US investment firms are readying the first line of exchange-traded funds designed to give American investors access to China’s swelling onshore bond market, which has been largely closed off to foreigners. At least four fund managers – Deutsche Bank AG, Global X Funds, KraneShares and Van Eck Global – have outlined plans to launch China onshore bond ETFs, according to company filings with the US Securities and Exchange Commission. The first of the funds could launch as early as this month, sources familiar with the matter say.
Some of the funds will invest in a range of yuan assets, including government and corporate bonds, while others will be more specialised, focusing on commercial paper, for example. They will be targeted at both institutional and retail investors. Gaining access is no small thing for investors. The government-related bond market is about $3 trillion (18.4 trillion yuan) and China’s domestic corporate bond market has grown to about $1.5 trillion (9 trillion yuan) at the end of August, after companies raised a combined $261 billion (1.6 trillion yuan) from bond issuance in the first eight months of the year.
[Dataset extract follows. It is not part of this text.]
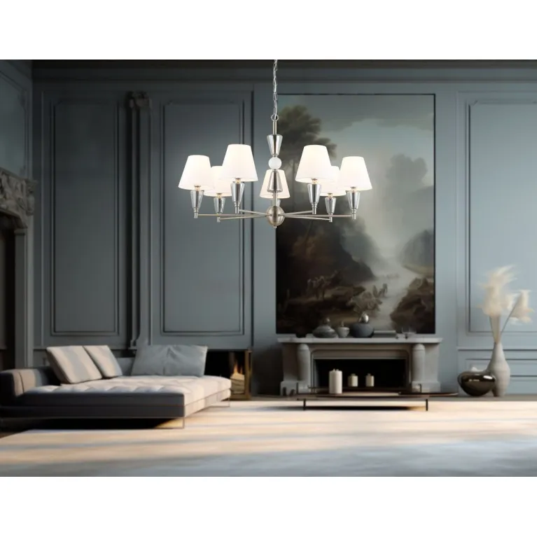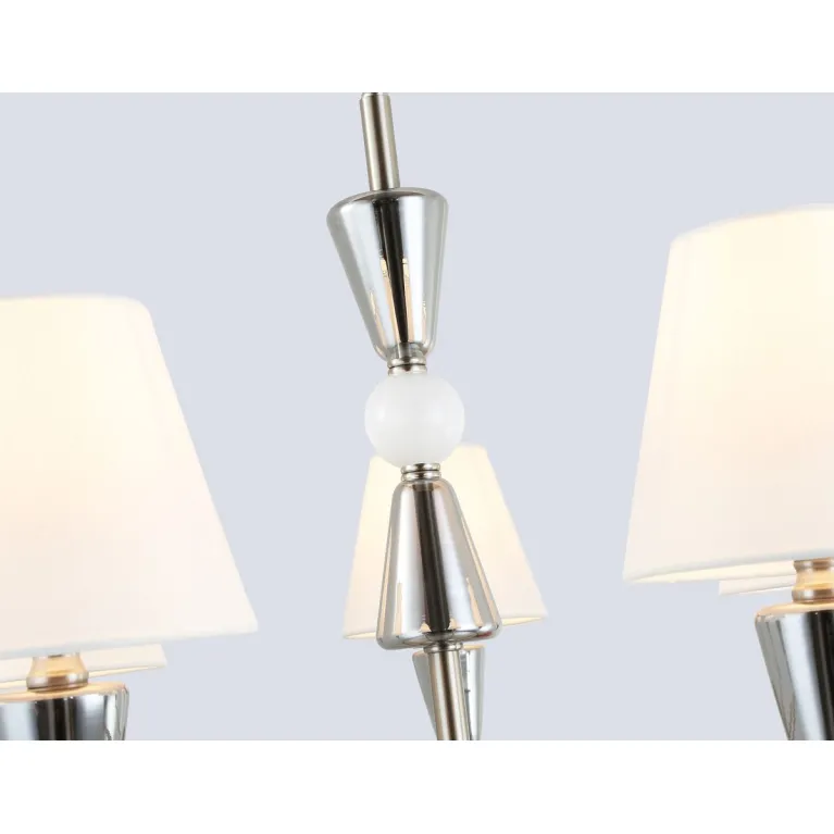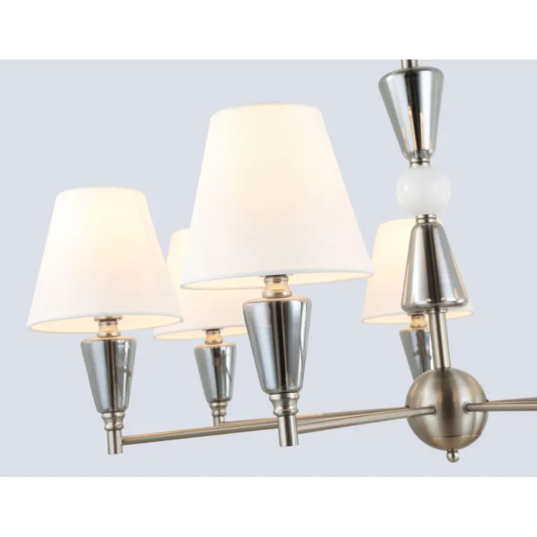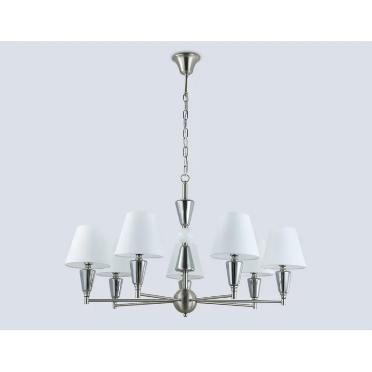 Преобладающий цвет плафонов: Белый, арматуры: Матовый никель; материал изготовления арматуры: Металл, размеры, мм: / высота 1210 / диаметр 860. Общая мощность – 280 Ватт, а максимальная площадь освещения до 23 м2. Основной тип ламп, предусмотренный производителем: Накаливания с цоколем E14. В зависимости от предпочтений можно использовать лампы теплового, холодного или нейтрального света, за исключением люстр с типом цоколя LED.
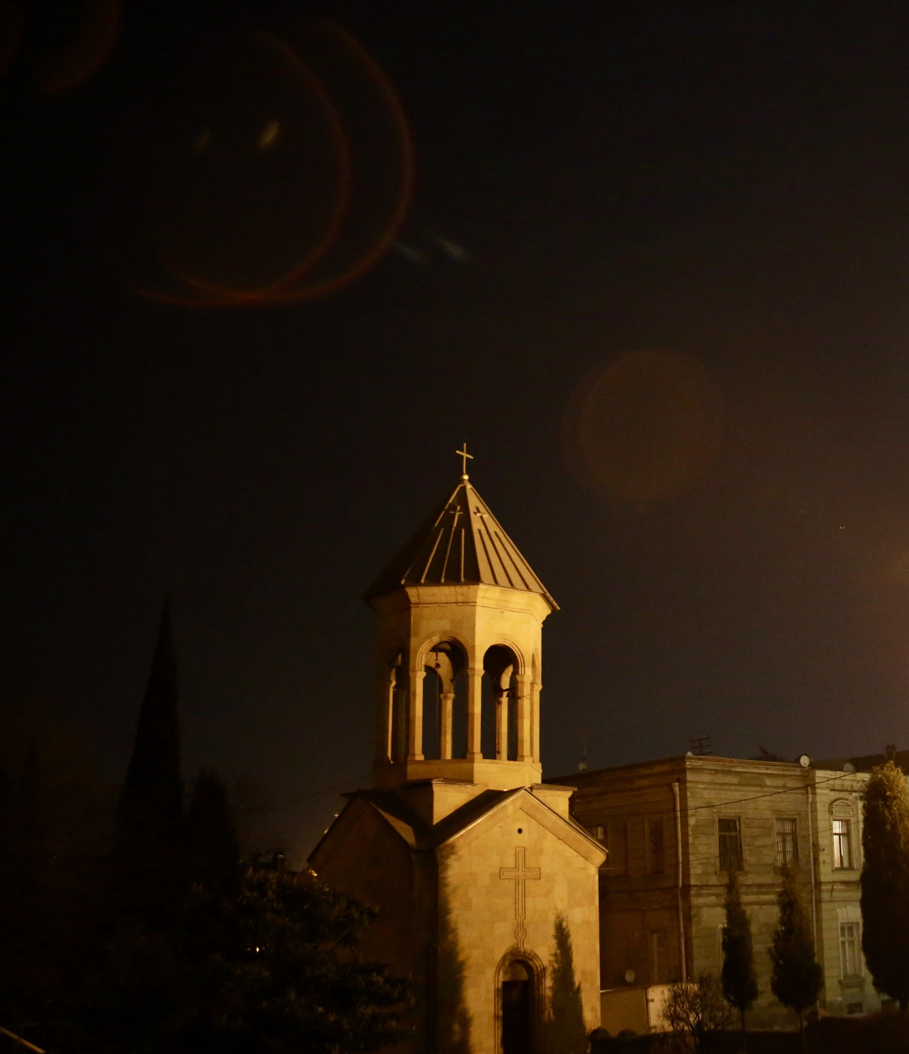 The Kashveti St. George Orthodox Church is beautiful inside and out. Women are covering their hair (except for one who looks like she threw a dish towel over her head) and men giving the sign of the cross upon exit. I put my coat hood on and go in. There is no place to sit and everyone is placing an 8-inch candle, thinner than a pen, to melt under the image displaying a lord, mother, or disciple of their choosing and allowing the wax to drop on the floor as the candle is placed on a tray of its peers.

In June, credit agency Standard & Poor’s said the Chinese corporate bond market overtook the United States as the world’s biggest and is now set to soak up a third of global company debt needs over the next five years.
While onshore Chinese bonds carry the currency, default and regulatory risks that might be expected in a fledgling market, their relatively high yields and low correlation to US Treasuries and other global fixed-income and equities markets will make them appealing to investors, analysts say.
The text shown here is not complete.